Diversi media ricordano che il Tribunale speciale dell’Onu sull’assassinio dell’ex premier Rafik Hariri debba a breve emettere il suo verdetto. Il terribile scoppio del porto è avvenuto mentre il Libano attraversa una delle più gravi crisi economiche e finanziarie degli ultimi anni, e mentre si alzano le tensioni tra Israele e il gruppo sciita Hezbollah. Le autorità israeliane hanno commentato la notizia precisando di «non avere nulla a che vedere» con le esplosioni. Il ministro degli Esteri israeliano Gabi Ashkenazi ha detto alla tv israeliana N12 che l’esplosione sarebbe stata «un incidente», causata da «un incendio».

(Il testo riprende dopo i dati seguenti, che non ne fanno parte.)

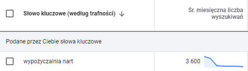 Przykładowo, hasło „wypożyczalnia nart” ma zimą znacznie większą wyszukiwalność (14 800 w styczniu 2020) niż latem (140 w lipcu 2020). Średnia miesięczna liczba wyszukiwań frazy „wypożyczalnia nart” w okresie 01.2020 – 07.2020 wynosiła 3 600.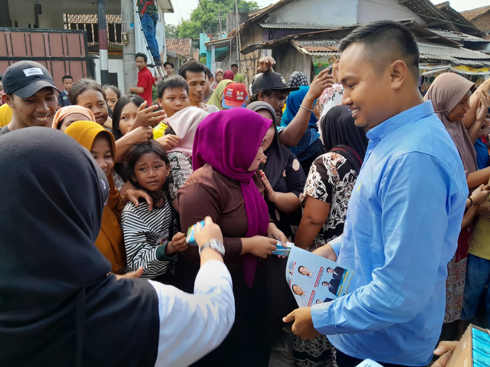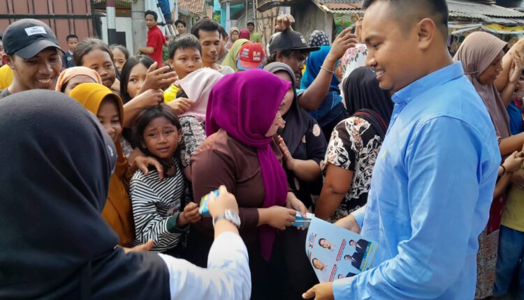 SERANG – Relawan Barisan Pengusaha Pejuang (BPP) Prabowo-Gibran Kota Serang membagikan makan siang dan susu kepada warga di Link Unyur, Kota Serang.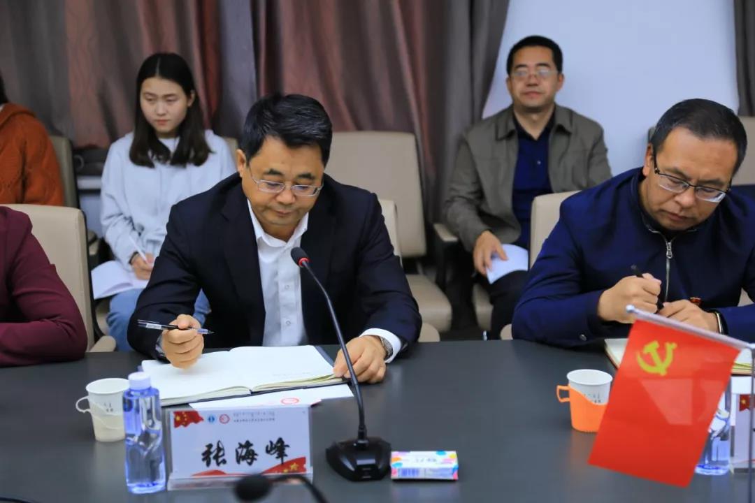 10月12日,pp电子主题教育领导小组组长、党委书记黄雅丽,主题教育领导小组成员、副校长张海峰,主题教育领导小组成员、党委委员、宣传部部长张宝成、组织部部长褚亚申深入pp电子调研指导工作。相关部门负责同志陪同调研。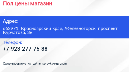 Пол цены, магазин по адресу 662971, Красноярский край, Железногорск, проспект Курчатова, 3н в дальнейшем Организация, размещена в следующих категориях: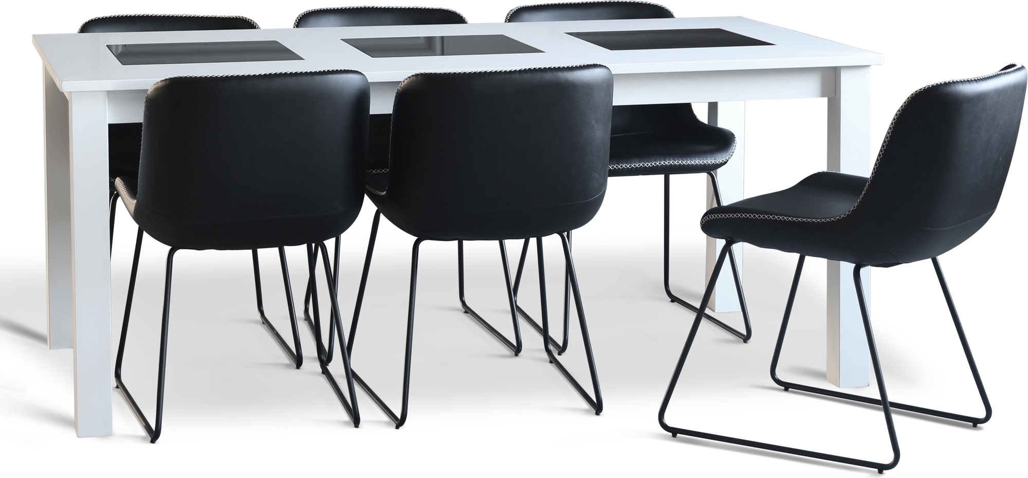 Matgrupp med matbord och 6 st stolar ur serien Texas och Granit. Matbordet är gjort vitlackat trä med svarta glasplattor. Stolarna är gjorda av metall med klädsel av konstläder(PU).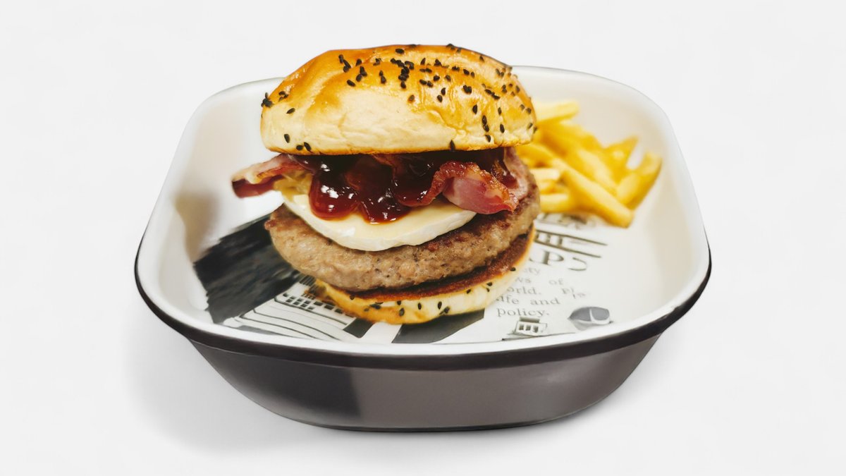 Brioche bun filled with bacon, Cumberland sausages, smoked cheese, fried eggs, Served with hash browns and baked beans

La Casa Bianca sta «seguendo attentamente» quanto avvenuto in Libano, ha fatto sapere un portavoce.
Il presidente libanese, Michel Aoun, ha convocato per una riunione urgente il Consiglio supremo di difesa.
Coincidenze temporali
L’esplosione è arrivata anche alla vigilia del verdetto del Tribunale dell’Aja sull’omicidio dell’ex premier libanese Rafiq Hariri, ucciso a Beirut il 14 febbraio del 2005 assieme ad altre 21 persone. Le ripercussioni politiche di quel crimine hanno cambiato profondamente gli equilibri regionali. Alla sbarra quattro imputati in contumacia, tutti membri di Hezbollah: Salim Ayash, Habib Merhi, Hussein Oneissi e Assaad Sabra. C’era anche un quinto imputato, Mustafa Badreddin, considerato la mente dell’attentato di San Valentino, ma è stato ucciso a Damasco nel 2016. Gli imputati sono accusati di «complotto a fini terroristici e omicidio preterintenzionale» e di altri capi di imputazione connessi.
Apocalisse umanitaria
I problemi macro economici del Paese dei Cedri, che importa tutto e vive solo di servizi ,erano giù seri, irrimandabili. La guerra civile nella vicina Siria, scoppiata nella primavera del 2011, ha poi dato il colpo di grazia. Un milione e mezzo di profughi siriani si è riversato nel piccolo e impreparato Libano, trasformandolo nel Paese con il più il più alto rapporto al mondo di rifugiati per abitante. Le sue strutture e infrastrutture, già insufficienti per i libanesi, hanno resistito ma alla fine non hanno retto alla pressione. Insieme all’inasprimento delle misure contro le imprese e i lavoratori siriani, si è registrato un aumento del numero di incursioni militari nei campi profughi, in particolare nella valle della Beqaa. Durante tali incursioni, molti fra gli uomini vengono interrogati e arrestati per mancanza di documenti in regola. In molte occasioni, il luogo in cui vengono detenuti gli uomini, arrestati ai posti di blocco sull’autostrada o durante le incursioni nei campi, rimane sconosciuto per giorni. Segnalazioni su maltrattamenti e torture subite dai siriani all’interno delle prigioni libanesi sono state pubblicate da varie associazioni, testimoniando un preoccupante aumento di arresti arbitrari e un sovraffollamento delle carceri. Nel mese di giugno 2017, Human Rights Watch ha segnalato la morte di 5 cittadini siriani detenuti dall’esercito libanese, pubblicando le foto dei cadaveri, i quali recavano segni visibili di tortura.
Ed è in questo contesto già drammatico, che è avvenuta la “Nagasaki” di Beirut. Una tragedia immane, per un Paese che sta crollando.